In the following embodiments, when it is necessary for the sake of convenience, the description will be divided into a plurality of sections or embodiments. However, unless otherwise specified, they are not irrelevant to each other. There are some or all of the modifications, details, supplementary explanations, and the like.

Further, in the following embodiments, when referring to the number of elements (including the number, numerical value, quantity, range, etc.), especially when clearly indicated and when clearly limited to a specific number in principle, etc. Except, it is not limited to the specific number, and may be more or less than the specific number.

Further, in the following embodiments, the constituent elements (including element steps and the like) are not necessarily indispensable unless otherwise specified and apparently essential in principle. Needless to say.

Similarly, in the following embodiments, when referring to the shapes, positional relationships, etc. of the components, etc., the shapes are substantially the same unless otherwise specified, or otherwise apparent in principle. And the like are included. The same applies to the above numerical values and ranges.

Hereinafter, embodiments of the present invention will be described in detail with reference to the drawings. Note that components having the same function are denoted by the same reference symbols throughout the drawings for describing the embodiments, and the repetitive description thereof will be omitted. In the following embodiments, the description of the same or similar parts will not be repeated in principle unless particularly necessary.

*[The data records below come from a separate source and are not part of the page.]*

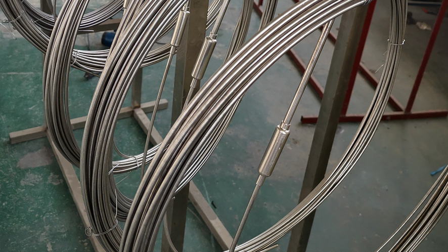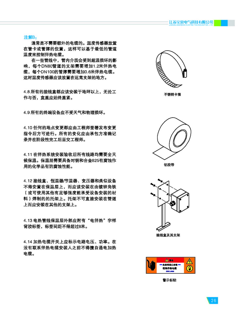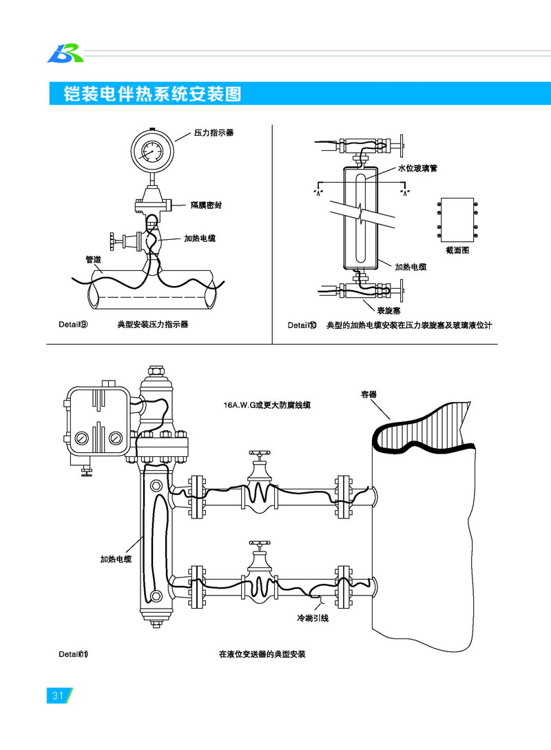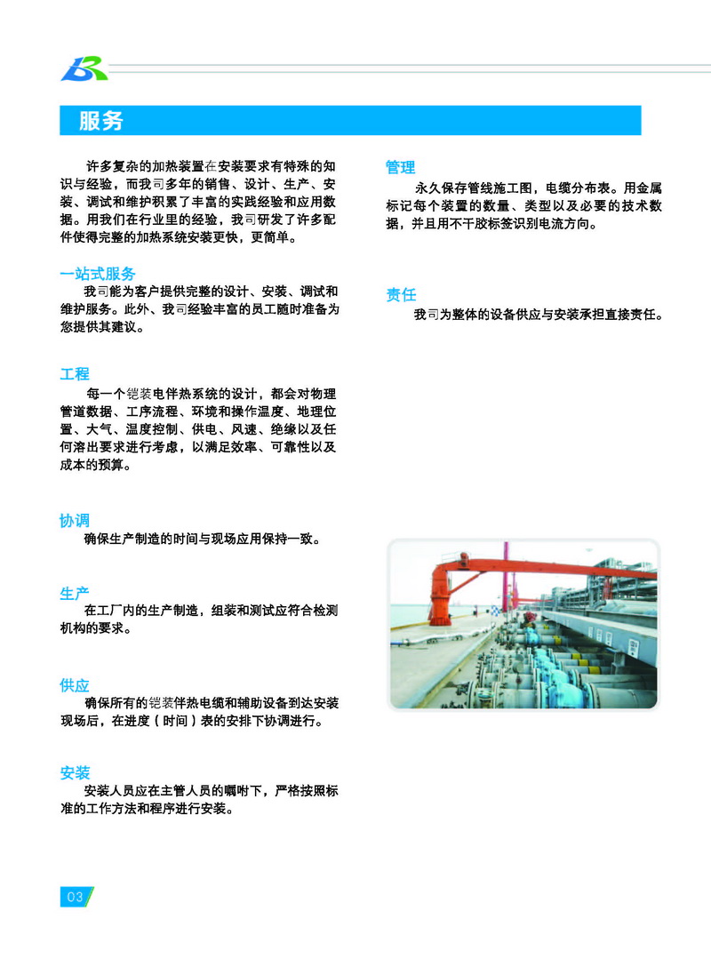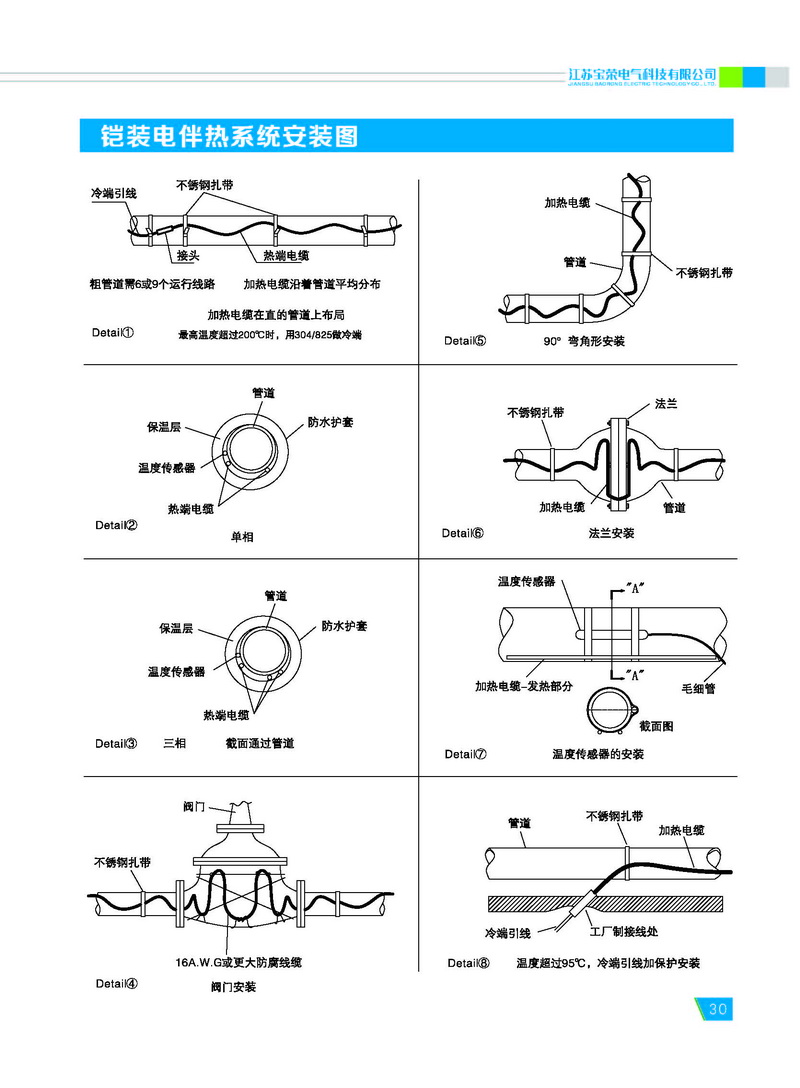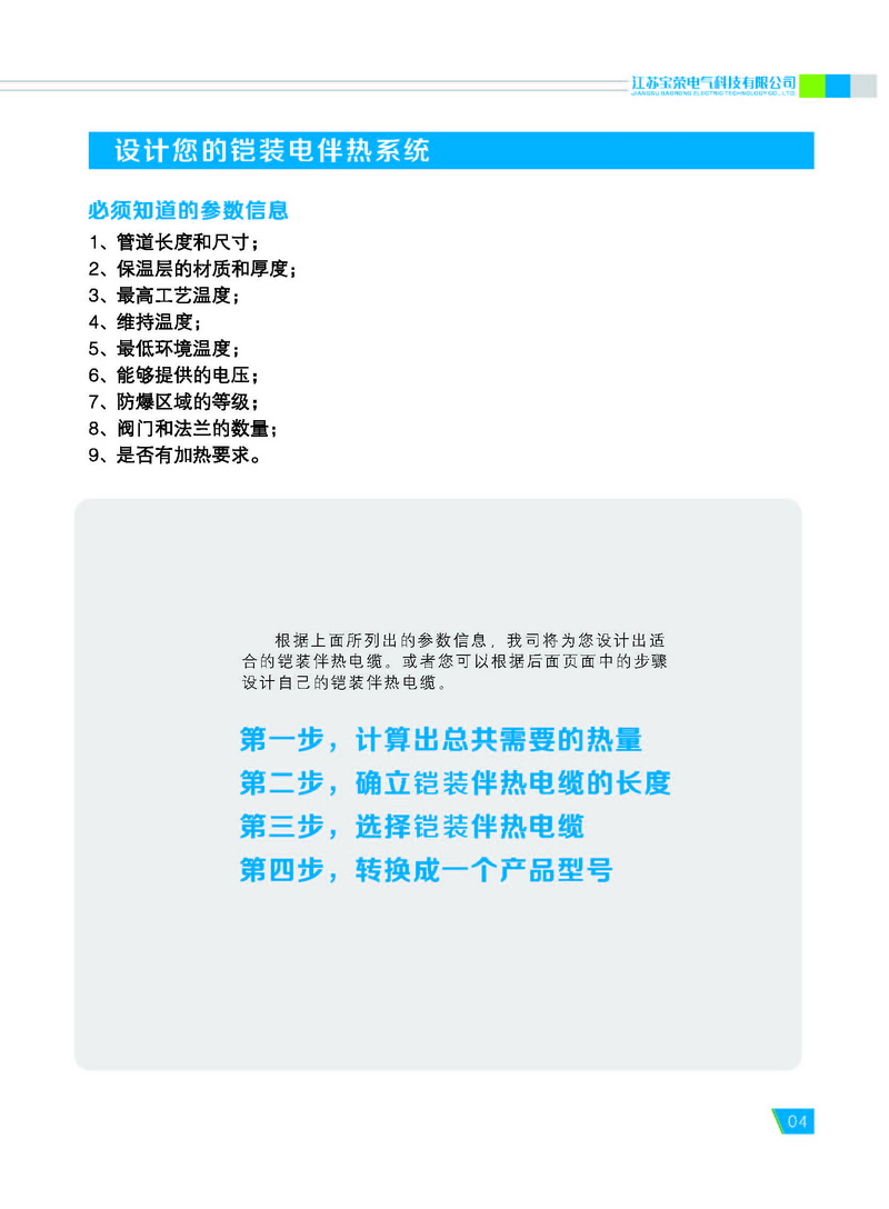 宝荣电气专业生产不锈钢保护管或铜 保护管的铠装伴热电缆,又称为铠装电热 电缆或矿物绝缘伴热电缆。 铠装伴热电缆包含一个到两个导体 (芯线)。该导体被嵌入高度压缩的矿物绝 缘材料(氧化镁)中,并同时被不锈钢或铜 制成的无缝金属套管保护。金属外保护管 和导体的材料均根据需要选择。
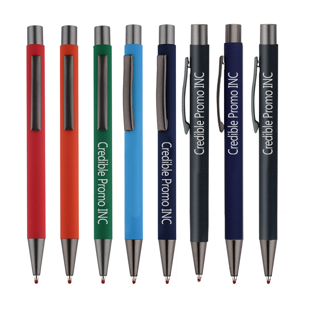 This is a click action aluminum ballpoint pen, features with rubber finish and gun metal colored accents. Your artwork can be laser engraved in matte silver color, or screen imprinted with other color. Black or blue ink is available for this ballpoint pen. Multiple item colors for your choice.
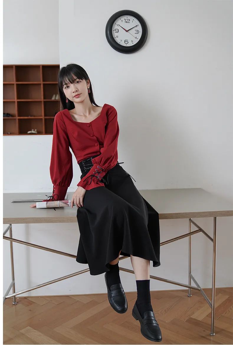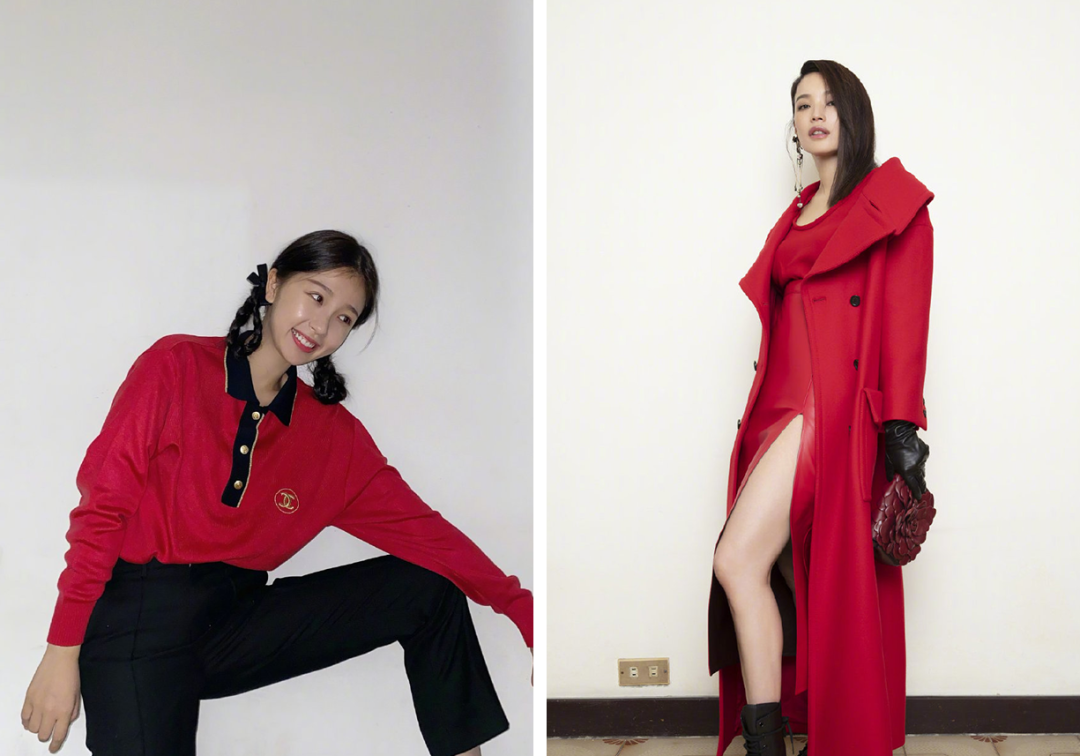 大面积的红色会使人视觉疲劳,适当露肤、留白,可以营造视觉上的缓冲。
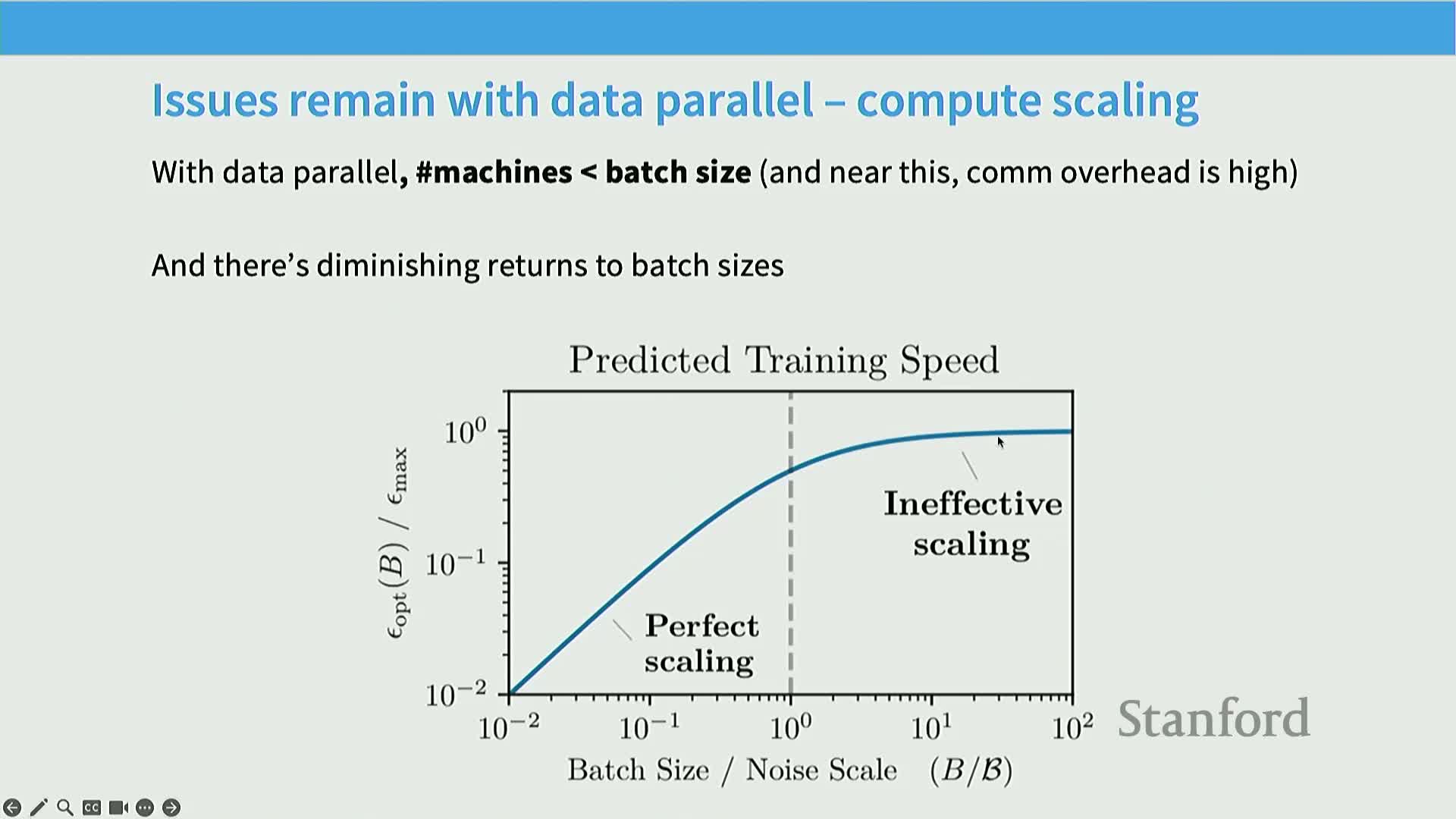 - Data parallelism cannot exceed global batch size without gradient accumulation.
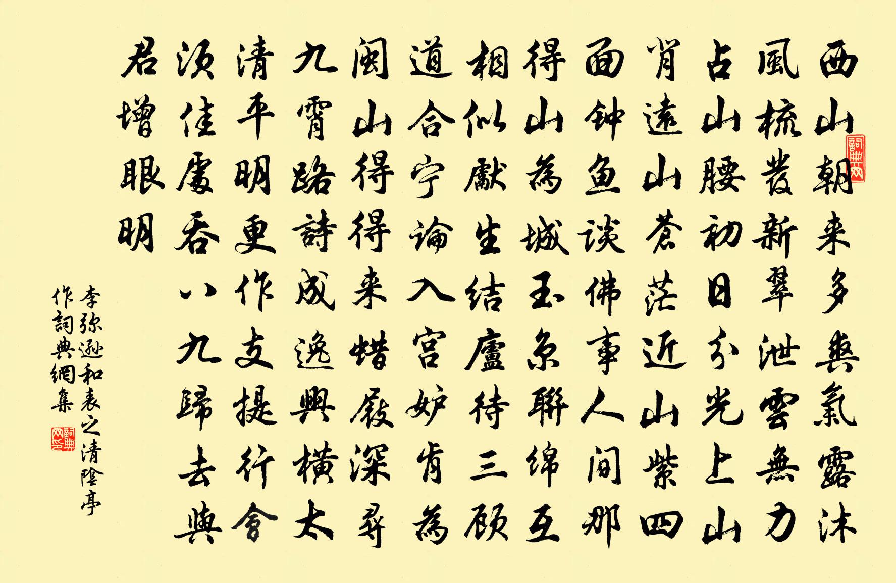 詩詞名句歷史字典書法欣賞書法字典國語詞典說文解字康熙字典古漢語字典標 題 作 者 詩 句 和表之清陰亭作作者:李彌遜 朝代:宋代和表之清陰亭作原文西山朝來多爽氣,露沐風梳發新翠。泄雲無力占山腰,初日分光上山背。遠山蒼茫近山紫,四面鐘魚談佛事,人間那得山為城,玉京聯綿互相似。先生結廬待三顧,道合寧論入宮妒。肯為閩山得得來,蠟屐深尋九霄路。詩成逸興橫太清,平明更作支提行。會須佳處吞八1|1九,歸去與君增眼明。詩詞問答問:和表之清陰亭作的作者是誰?答:李彌遜問:和表之清陰亭作寫於哪個朝代?答:宋代李彌遜和表之清陰亭作書法欣賞和表之清陰亭作書法作品詩詞推薦和田仲宣見贈蘇軾〔宋代〕頭白江南醉司馬,寬心時復喚殷兄。寒潮不應淮無信,客路相隨月有情。未許低頭拜東野,徒言共飲勝公榮。好詩重送鄭宥歸蜀因寄何兆李端〔唐代〕黃花西上路何如,青壁連天雁亦疏。為報長卿休滌器,漢家思見茂陵書。壽公禪老游冥何昌弼〔宋代〕不學參禪不學文,百年么樂任天真。曾聞神定逾三日,疑是今生再世人。登繞花台二首何澹〔宋代〕詩翁當日上凌風,面面看花得句工。我亦巡檐來索笑,古今人意略相同。春耕陸游〔宋代〕今年液水滿西疇,父老人人卜有秋。只要耕犁及時節,裹茶買餅去租牛。寄茅山道友三絕周文璞〔宋代〕九錫碑亭日欲曛,有人趺坐對爐薰。憑誰傳語桓司馬,句曲山中只白雲。蝶戀花 正月十一日 以上二首見白雲文集卷四許謙〔元代〕楊柳池塘春信早。簾卷東風,猶帶餘寒峭。暖透博山紅霧繞。洞簫扶起歌聲杳。初試花冠金凰小。鬢亂釵橫,長怯三舍人題名於後省皆賦詩因寄呈劉貢父孔武仲〔宋代〕西垣寂寞今已久,三賢文章鳳池手。朝來不復巒山中,後至儻誰居客右。華堂刻石映今古,秀句連章動星斗。鴒原窮冬積陰曾豐〔宋代〕將雨未成雨,久霜無復霜。青天方變色,白日且韜光。乘勢群陰逞,歸根萬物亡。猶余南過雁,歲晚客他鄉。郡圃杏花二首楊萬里〔宋代〕小樹嫣然一兩枝,晴醇雨醉忽相宜。絕憐欲白仍紅處,政是微開半吐時。得幸東風無與對,主張春色郠還誰。海棠黃鶴洞中仙 繼重陽韻馬鈺〔元代〕大悟明明也。大智閒閒也。大道行行應自然,風風馬。永永逍遙也。大水高高也。大火炎炎也。大藥輝輝晃寶瓶。別崔少府高適〔唐代〕知君少得意,汶上掩柴扉。寒食仍留火,春風未授衣。皆言黃綬屈,早向青雲飛。借問他鄉事,今年歸不歸。和兩山二首仇遠〔宋代〕窮鄉何處覓新豐,身世悠悠醉夢中。未學伏波屍馬革,且隨甫里問龜蒙。檐頭喜有桑榆日,兵後那無草木風。亦欲既為誼夫賦墳廬詩乃蒙和韻再成十首為謝兼簡郭印〔宋代〕秋螢腐草化,芝菌出枯朽。形質但變遷,中有一物久。喜郭希范上自癢歸胡仲參〔宋代〕馬蹄明日是君家,千里歸來傍節華。幾夜深閨寒寂寂,有人和淚卜燈花。寓江州分司衙隨筆五首董嗣杲〔宋代〕前憂將盡捐,後慮方覺夥。舉動必有礙,側近類鱉跛。但知就酸吟,不悔為計左。秋令向老去,甘困樊籠鎖。愁境鷓鴣天陳三聘〔宋代〕昨夜東風怒不成。曉來猶自掃殘英。半酸梅子連枝重,無力楊花到地輕。情易感,涕先零。玉虬香冷更淒清。事如送蘇州姚長史韓翃〔唐代〕江城驛路長,煙樹過雲陽。舟領青絲纜,人歌白玉郎。葛衣行柳翠,花簟宿荷香。別有心期處,湖光滿訟堂。寄河上段十六(一作王維詩)盧象〔唐代〕與君相識即相親,聞道君家住孟津。為見行舟試借問,客中時有洛陽人。送台州沈虞卿使君入朝孫應時〔宋代〕鼓聲霜曉寒,冠蓋滿街路。詔書日邊到,使君朝天去。攀車願公留,稚耋紛無數。信哉慈父母,赤子中心慕。七州名句推薦征馬分飛日漸斜,見此空為人所嗟。孟浩然《高陽池送朱二》 少壯不努力,老大徒傷悲!佚名《長歌行》 離堂思琴瑟,別路繞山川。陳子昂《春夜別友人二首·其一》 歸來報名主,恢復舊神州。岳飛《送紫岩張先生北伐》 一張一弛,文武之道戴聖《禮記·雜記下》 綠杯紅袖趁重陽。人情似故鄉。晏幾道《阮郎歸·天邊金掌露成霜》 無言獨上西樓,月如鉤。李煜《相見歡·無言獨上西樓》 不痴不聾,不作家翁。司馬光《資治通鑑·唐紀四十》 湘西一杯酒,渺渺紅葉換。趙蕃《次韻酬吳德夫去秋送行之作》 盛年不重來,一日難再晨。陶淵明《雜詩·人生無根蒂》
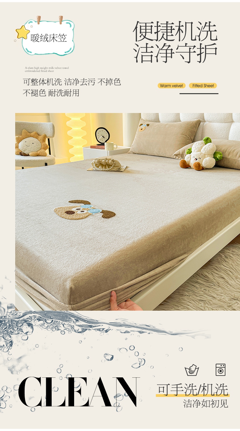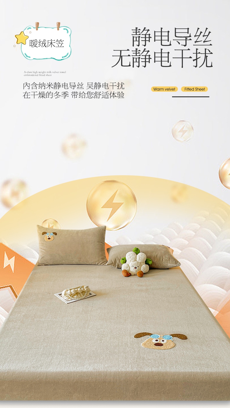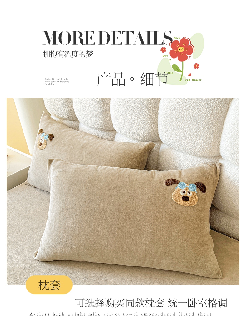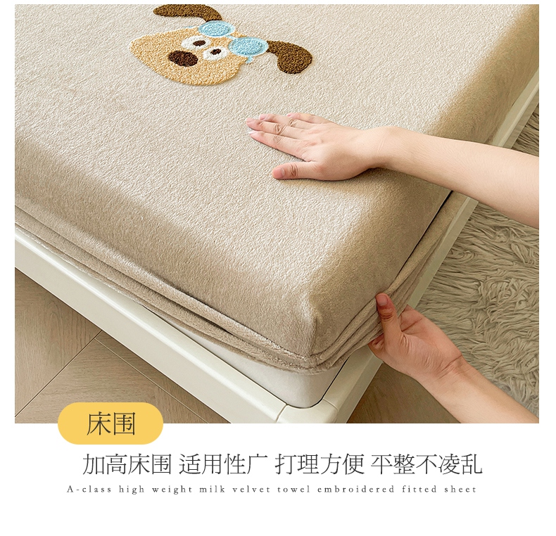 商品名称:居眠 2024新款单层高克重牛奶绒毛巾绣床笠 牛奶绒泡芙狗 浅驼

In the drawings used in the embodiments, hatching may be omitted even in a cross-sectional view for easy understanding of the drawings. Further, even a plan view may be hatched to make the drawing easy to see.

(Embodiment 1)
<Power module>
A power module according to Embodiment 1 of the present invention will be described.

FIG. 1 is a plan view of the power module according to the first embodiment. FIG. 2 is a cross-sectional view of the power module according to the first embodiment. FIG. 3 is a plan view of the upper substrate of the power module according to the first embodiment. FIG. 1 is a view of the power module as viewed from the upper surface side. FIG. 2 is a sectional view taken along line AA in FIG. FIG. 3 is a view of the upper substrate viewed from the lower surface side. In FIG. 1, for easy understanding, the upper substrate 4 (see FIG. 2) is removed and seen through.

As shown in FIGS. 1 to 3, the power module 1 according to the first embodiment includes a lower substrate 2, a plurality of chip groups 3, an upper substrate 4, and a module input terminal 5.

The plurality of chip groups 3 includes a plurality of semiconductor chips 6 provided on the lower substrate 2. The plurality of chip groups 3 are arranged at intervals from each other in plan view. A chip module 7 is formed by the plurality of chip groups 3. The module input terminal 5 is provided at a position overlapping the central portion of the chip module 7 in plan view.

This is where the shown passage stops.